#### [PROBLEM REQUIREMENTS]
Quote exactly and only this range of lines in the data below: the line that holds "反対側に移動して、『ニ、四、六、九、十一』を押して「斧」を入手。" to the line that holds "森林之子開局的時(shí)候", both included.

#### [DATASET CONTENT]
_ _ _ _ _ _ _
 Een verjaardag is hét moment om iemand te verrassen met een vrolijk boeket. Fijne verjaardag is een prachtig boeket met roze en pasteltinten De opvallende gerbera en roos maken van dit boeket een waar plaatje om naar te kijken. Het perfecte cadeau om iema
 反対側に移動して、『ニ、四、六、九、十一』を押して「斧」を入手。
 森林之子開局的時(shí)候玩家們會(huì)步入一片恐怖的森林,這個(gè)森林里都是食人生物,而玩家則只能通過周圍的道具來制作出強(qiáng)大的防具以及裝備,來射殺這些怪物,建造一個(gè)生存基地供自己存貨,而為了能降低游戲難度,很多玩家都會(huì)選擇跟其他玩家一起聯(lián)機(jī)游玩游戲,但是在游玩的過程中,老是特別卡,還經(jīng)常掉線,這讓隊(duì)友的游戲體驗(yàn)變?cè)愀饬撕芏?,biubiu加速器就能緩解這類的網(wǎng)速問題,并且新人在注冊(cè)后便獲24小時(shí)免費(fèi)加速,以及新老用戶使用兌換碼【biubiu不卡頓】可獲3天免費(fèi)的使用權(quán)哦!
_ _ _ _ _ _ _
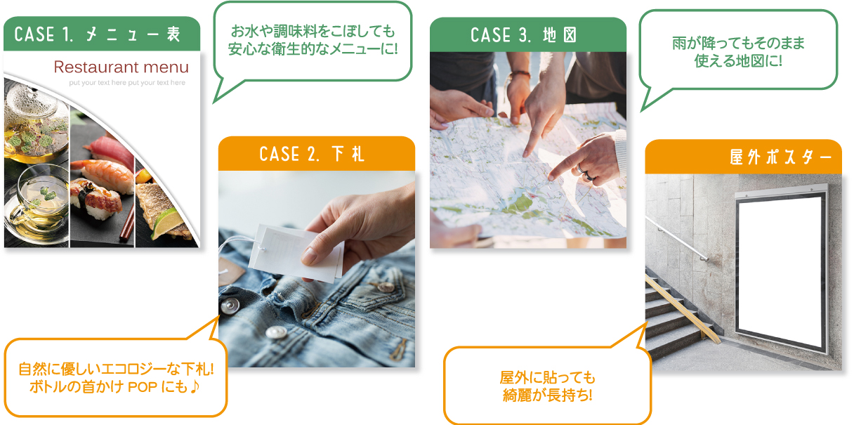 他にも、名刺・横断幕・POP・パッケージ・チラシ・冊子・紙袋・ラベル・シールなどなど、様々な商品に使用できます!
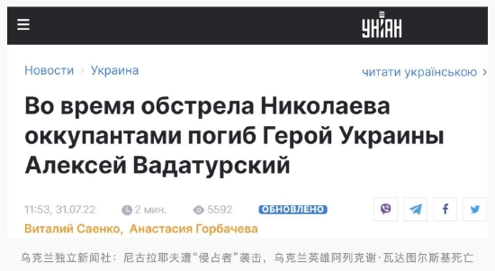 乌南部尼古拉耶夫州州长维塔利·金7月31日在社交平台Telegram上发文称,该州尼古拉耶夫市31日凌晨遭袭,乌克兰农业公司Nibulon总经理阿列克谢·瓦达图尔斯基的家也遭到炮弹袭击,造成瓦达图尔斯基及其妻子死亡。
_ _ _ _ _ _ _
#### [TASK RESULT]
 反対側に移動して、『ニ、四、六、九、十一』を押して「斧」を入手。
 森林之子開局的時(shí)候玩家們會(huì)步入一片恐怖的森林,這個(gè)森林里都是食人生物,而玩家則只能通過周圍的道具來制作出強(qiáng)大的防具以及裝備,來射殺這些怪物,建造一個(gè)生存基地供自己存貨,而為了能降低游戲難度,很多玩家都會(huì)選擇跟其他玩家一起聯(lián)機(jī)游玩游戲,但是在游玩的過程中,老是特別卡,還經(jīng)常掉線,這讓隊(duì)友的游戲體驗(yàn)變?cè)愀饬撕芏?,biubiu加速器就能緩解這類的網(wǎng)速問題,并且新人在注冊(cè)后便獲24小時(shí)免費(fèi)加速,以及新老用戶使用兌換碼【biubiu不卡頓】可獲3天免費(fèi)的使用權(quán)哦!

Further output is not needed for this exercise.